▶ _ACTIVITY_: Reproduce only the lines from the line containing "to the symbolic." to the end of the entries below, including both of those lines.

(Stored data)

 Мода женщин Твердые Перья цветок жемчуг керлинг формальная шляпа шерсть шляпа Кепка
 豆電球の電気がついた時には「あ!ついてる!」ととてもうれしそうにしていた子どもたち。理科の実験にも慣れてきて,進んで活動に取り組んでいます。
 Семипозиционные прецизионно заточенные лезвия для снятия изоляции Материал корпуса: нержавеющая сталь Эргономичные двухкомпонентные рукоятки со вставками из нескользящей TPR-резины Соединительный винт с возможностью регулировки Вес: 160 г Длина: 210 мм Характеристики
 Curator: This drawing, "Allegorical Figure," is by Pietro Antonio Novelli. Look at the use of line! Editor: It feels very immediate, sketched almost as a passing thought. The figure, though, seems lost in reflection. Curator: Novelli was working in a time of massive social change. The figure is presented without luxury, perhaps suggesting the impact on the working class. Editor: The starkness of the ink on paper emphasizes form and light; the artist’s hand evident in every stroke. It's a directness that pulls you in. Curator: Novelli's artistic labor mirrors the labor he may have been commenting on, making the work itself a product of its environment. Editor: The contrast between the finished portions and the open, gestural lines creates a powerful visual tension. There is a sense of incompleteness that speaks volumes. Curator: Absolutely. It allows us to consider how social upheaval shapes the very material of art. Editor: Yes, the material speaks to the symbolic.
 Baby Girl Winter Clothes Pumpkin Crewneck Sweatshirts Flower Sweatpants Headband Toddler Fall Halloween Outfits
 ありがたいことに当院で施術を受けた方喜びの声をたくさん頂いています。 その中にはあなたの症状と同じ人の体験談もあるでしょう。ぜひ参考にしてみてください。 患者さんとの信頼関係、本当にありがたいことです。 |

▶ _RESULT OF THE EXERCISE_:
 Curator: This drawing, "Allegorical Figure," is by Pietro Antonio Novelli. Look at the use of line! Editor: It feels very immediate, sketched almost as a passing thought. The figure, though, seems lost in reflection. Curator: Novelli was working in a time of massive social change. The figure is presented without luxury, perhaps suggesting the impact on the working class. Editor: The starkness of the ink on paper emphasizes form and light; the artist’s hand evident in every stroke. It's a directness that pulls you in. Curator: Novelli's artistic labor mirrors the labor he may have been commenting on, making the work itself a product of its environment. Editor: The contrast between the finished portions and the open, gestural lines creates a powerful visual tension. There is a sense of incompleteness that speaks volumes. Curator: Absolutely. It allows us to consider how social upheaval shapes the very material of art. Editor: Yes, the material speaks to the symbolic.
 Baby Girl Winter Clothes Pumpkin Crewneck Sweatshirts Flower Sweatpants Headband Toddler Fall Halloween Outfits
 ありがたいことに当院で施術を受けた方喜びの声をたくさん頂いています。 その中にはあなたの症状と同じ人の体験談もあるでしょう。ぜひ参考にしてみてください。 患者さんとの信頼関係、本当にありがたいことです。 |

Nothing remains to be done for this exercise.